I’m hot. I don’t remember once being cold on an airplane. I sat down and immediately shed as many layers as I could. Now, I can’t find a place for all my crap. There’s never enough room on planes. Airplanes always look bigger in movies due to the fourth wall, which is the imaginary wall that separates the audience from the actors. We know there’s more going on behind the scenes. We’re just not aware of our awareness, unless they break the fourth wall by spinning the camera around to reveal all the crew and mics and props and extras. People look taller in movies too, which is because close-ups are usually centered on the nose or even as low as the chin. Our brains naturally assume the camera is where our eyes would be, which creates the perpetual sense of being half a head shorter than anyone on screen. Tom Cruise is only 5’ 7”.

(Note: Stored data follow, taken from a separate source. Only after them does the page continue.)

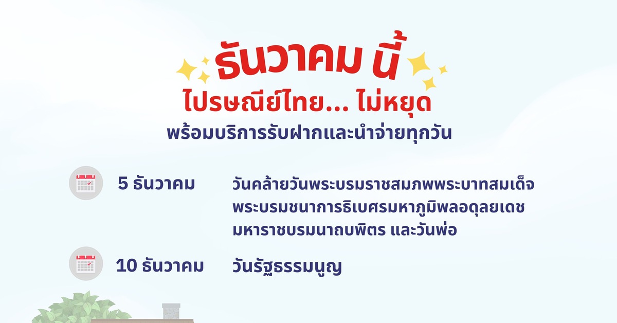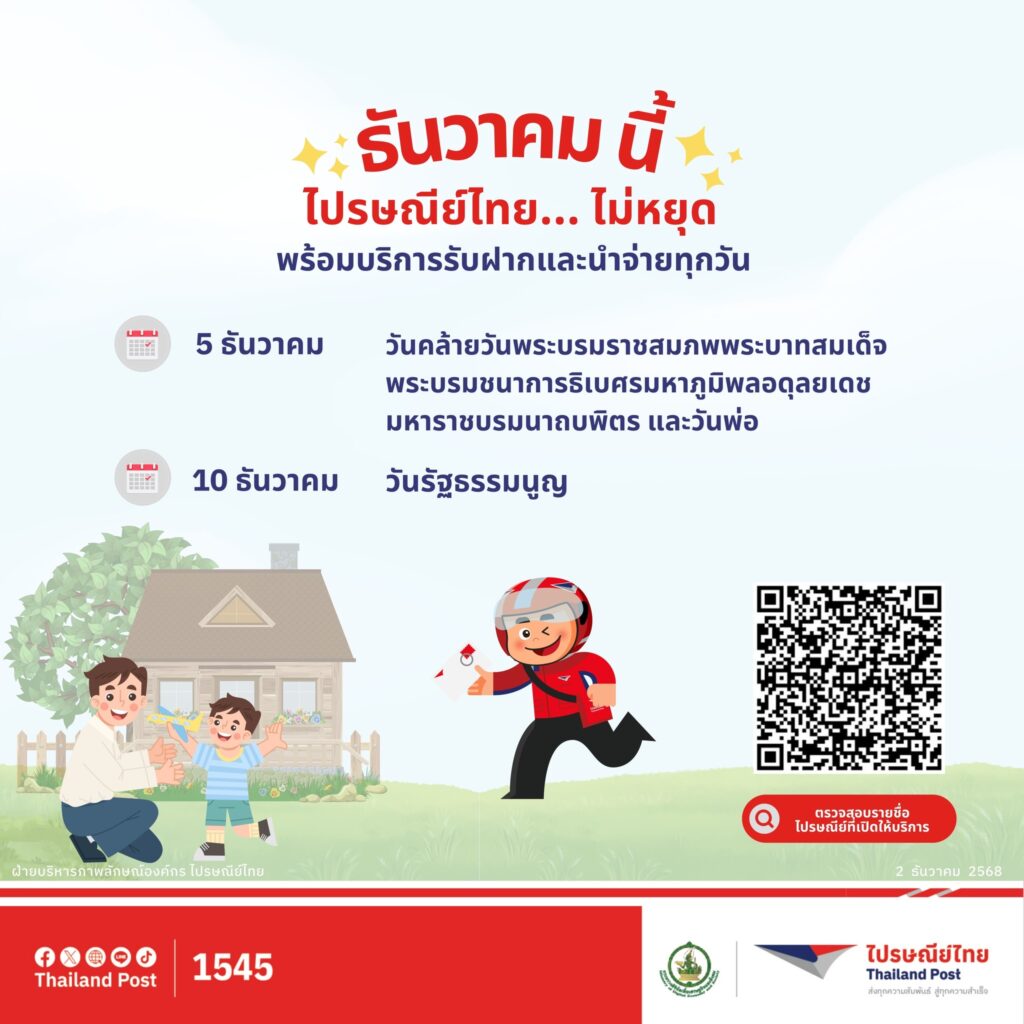 บริษัท ไปรษณีย์ไทย จำกัด เปิดให้บริการรับฝากและนำจ่ายตามปกติทั่วประเทศ ในวันหยุดประจำเดือนธันวาคม 2568 ทั้งในช่วงวันหยุดยาว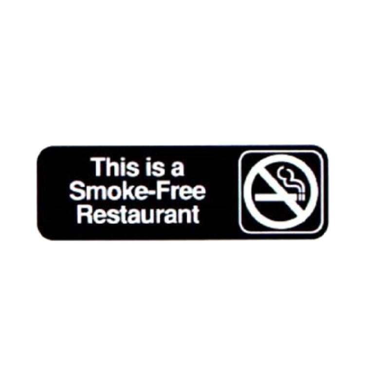 The Vollrath 4524 This Is A Smoke-Free Restaurant Sign is a compliance signage product designed for commercial foodservice environments to clearly communicate smoke-free policies. Measuring 3" x 9" and featuring a high-contrast white on black color scheme, this sign ensures visibility in various restaurant, cafe, and hospitality settings. Crafted in the USA from durable materials, it provides an effective, permanent visual communication tool suitable for installation in kitchens, dining areas, or entry points. Its technical composition emphasizes structural integrity and legibility, making it an essential component of restaurant compliance signage with precise dimensions of 3 inches in height and 9 inches in width.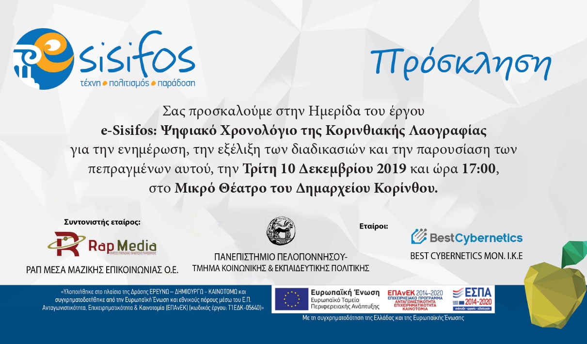 Η ομάδα του e-Sisifos εργάστηκε αδιάκοπα και άοκνα όλο αυτό το διάστημα προβαίνοντας σε: βιβλιογραφική έρευνα στον τομέα της Λαογραφίας, καταγραφή εθίμων, επαφή με ανθρώπους του πνεύματος, της προσφοράς και της συμμετοχής, κατασκευή διαδικτυακής πύλης, κατασκευή εφαρμογής για κινητά, πανεπιστημιακή έρευνα στη μεθοδολογία των τεχνικών καταγραφής αρχειακού υλικού, βελτιωτικές προτάσεις επί προτάσεων, εκπαίδευση χρηστών στην Κορινθία, συμμετοχή στο μεγαλύτερο εμπορικό γεγονός της Πελοποννήσου. Και ακολουθεί ένας ακόμα χρόνος, όπου το e-Sisifos θα φροντίσει να πετύχει τον μεγαλύτερό του στόχο: να αποτελέσει μια παρακαταθήκη πολιτισμού και παράδοσης της Κορινθίας για τα παιδιά μας, αλλά και να ριζωθεί μέσα μας ως αναπόσπαστο κομμάτι της ταυτότητάς μας.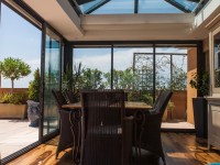 Aménagement d'une véranda qui s'étend sur les deux étages de la maison. A l'intérieur on aperçoit un salon moderne et contemporain avec vue sur le jardin.
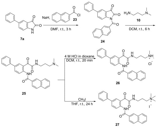 Biphenyl derivatives 25–27 bearing a naphthoyl hydrophobic group in place of the alkylsulfonyl group were also synthesised. Naphthoylation was achieved by treating 5-phenylisatin 7a with sodium hydride and 2-naphthoyl chloride 23 to give the 5-phenyl-N-naphthoylisatin 24 in 35% yield (Scheme 4). The nucleophilic ring-opening reaction of 5-phenyl-N-naphthoylisatin 24 with 3-dimethylaminopropylamine 10 gave amine 25, which was followed by salt conversion into the corresponding tertiary ammonium chloride salt 26 and quaternary ammonium iodide salt 27 in 84% and 79% yields, respectively.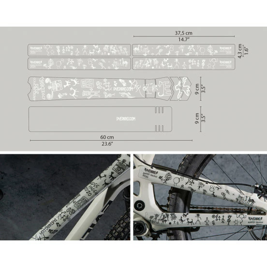 Adhésifs de protection vinyl transparent de 300 micron d’épaisseur, imprimés avec encres latex, prédécoupés pour s’adapter aux différents cadres vélos. Il peut être nécessaire de recouper certaines pièces avec une paire de ciseaux ou un cutter pour une parfaite adaptation au support.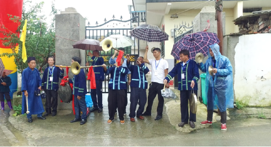 布依族青年們抬著族中神物銅鼓,吹著長長的號角,臉上滿是對民族節(jié)日的期待之情,驕傲又興奮;成群結(jié)隊的孩童穿著本民族傳統(tǒng)服飾,手拿錦帶,熱忱歡迎遠(yuǎn)道而來的客人;能歌善舞的布依阿姐笑臉相迎,唱著布依族的歌謠,一字排開堵在門前,客人們想要進(jìn)去參加這次盛會,就得過三關(guān),干了三碗攔路酒。
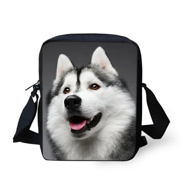 This messenger bag features a 3D design of wolves, lions, and leopards. Perfect for women, small children, and kids.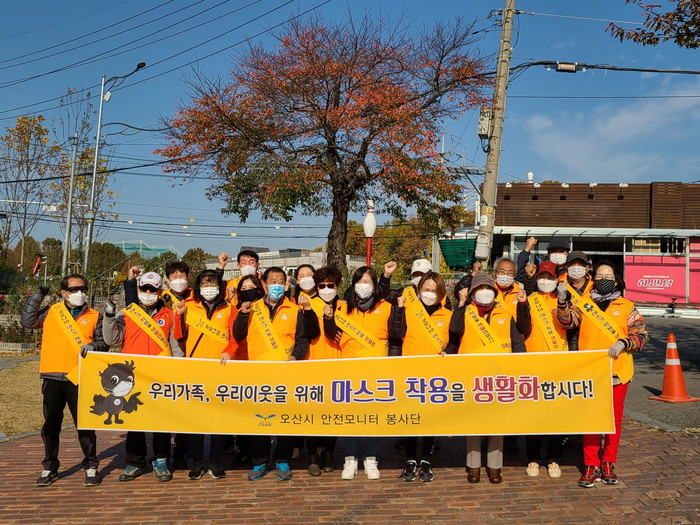 천광호 안전모니터 봉사단장은 “코로나19 시대 긴장의 끈을 놓지 않고 내가 사랑하는 우리가족, 우리이웃을 위해 마스크 쓰기를 통해서 코로나 없는 오산시가 되길 바란다”고 오늘 캠페인의 의미를 강조했다.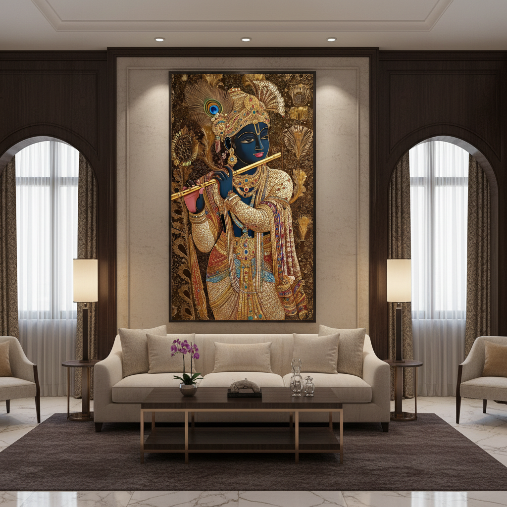 Mystical Lord Krishna With Flute Wall Art for Home & Office Decor | Art No. 869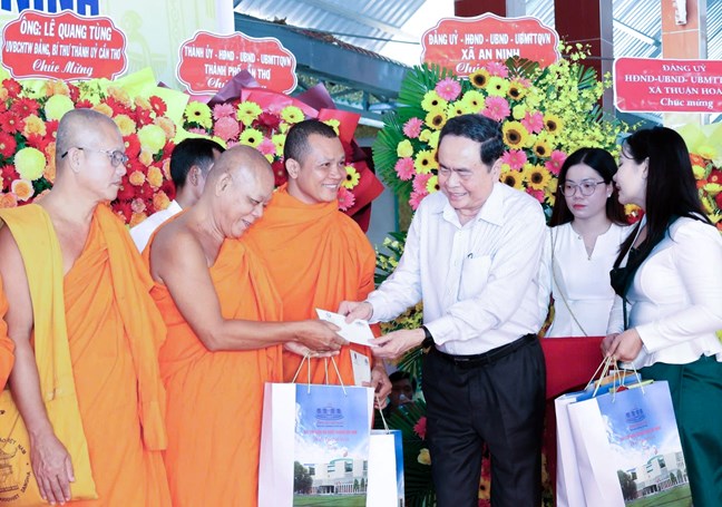 Chủ tịch Quốc hội Trần Thanh Mẫn tặng quà đại diện Chùa Tum Núp

I know what it’s like to talk into someone’s chin because I’m a short person, which means nobody loves me. Randy Newman—I keep telling you to listen. There’s something genius about that song. Anyway, the fourth wall makes the world of the movie appear larger than the real world. Until you realize you’re staring at a 6-inch screen on the back of someone’s headrest. Our eyes are cameras and the space behind them is actually far greater than the space they’re filming, but we can’t spin the camera around. Planes always show movies now, even when the flight is less than two hours. Our incessant distractions are hindering our ability to experience reality, just like our increasing capacity to absorb more information is destroying our ability to retain it. I read on the internet that some people suffer from “sleep texting”.

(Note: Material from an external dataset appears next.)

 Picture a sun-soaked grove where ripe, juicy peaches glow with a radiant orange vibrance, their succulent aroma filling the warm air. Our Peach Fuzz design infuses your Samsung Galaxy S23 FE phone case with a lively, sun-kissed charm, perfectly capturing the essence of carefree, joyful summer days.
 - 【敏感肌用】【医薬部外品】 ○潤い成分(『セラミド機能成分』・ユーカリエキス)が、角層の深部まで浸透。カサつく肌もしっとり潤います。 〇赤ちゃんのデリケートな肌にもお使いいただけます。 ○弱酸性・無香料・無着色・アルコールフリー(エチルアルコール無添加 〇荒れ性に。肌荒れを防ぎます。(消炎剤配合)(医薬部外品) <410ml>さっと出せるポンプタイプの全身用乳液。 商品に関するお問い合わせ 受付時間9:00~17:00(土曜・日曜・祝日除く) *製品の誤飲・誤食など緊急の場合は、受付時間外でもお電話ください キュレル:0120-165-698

Last time I flew, the woman in front of me complained to the stewardess that the film her son was watching featured too many “scantily clad women”. I told her the stewardess wasn’t responsible for monitoring what her children watched, she was. She asked the stewardess if she could move seats, which was fine with me because I can’t deal with people who say “scantily clad”. Just like I can’t deal with people who tell me there’s tryptophan in turkey or remind me to lift with my legs. No shit. Outside of that one phrase, when does anyone use the word scantily or clad in normal conversation? Stewardess is considered offensive now, which is silly because even though they used to be blatantly objectified by airlines to sell more tickets, the word stewardess is simply the feminine form of steward, which means one charged with managing a person’s property, which is in no way demeaning or suggestive. People don’t appreciate words. Some German words have uber specific meanings that can’t be directly translated into English. Like doppleganger. Or fernweh, which means “distance pain”, which is a deep-rooted longing to be anywhere besides your current location. Flying always agitates my fernweh.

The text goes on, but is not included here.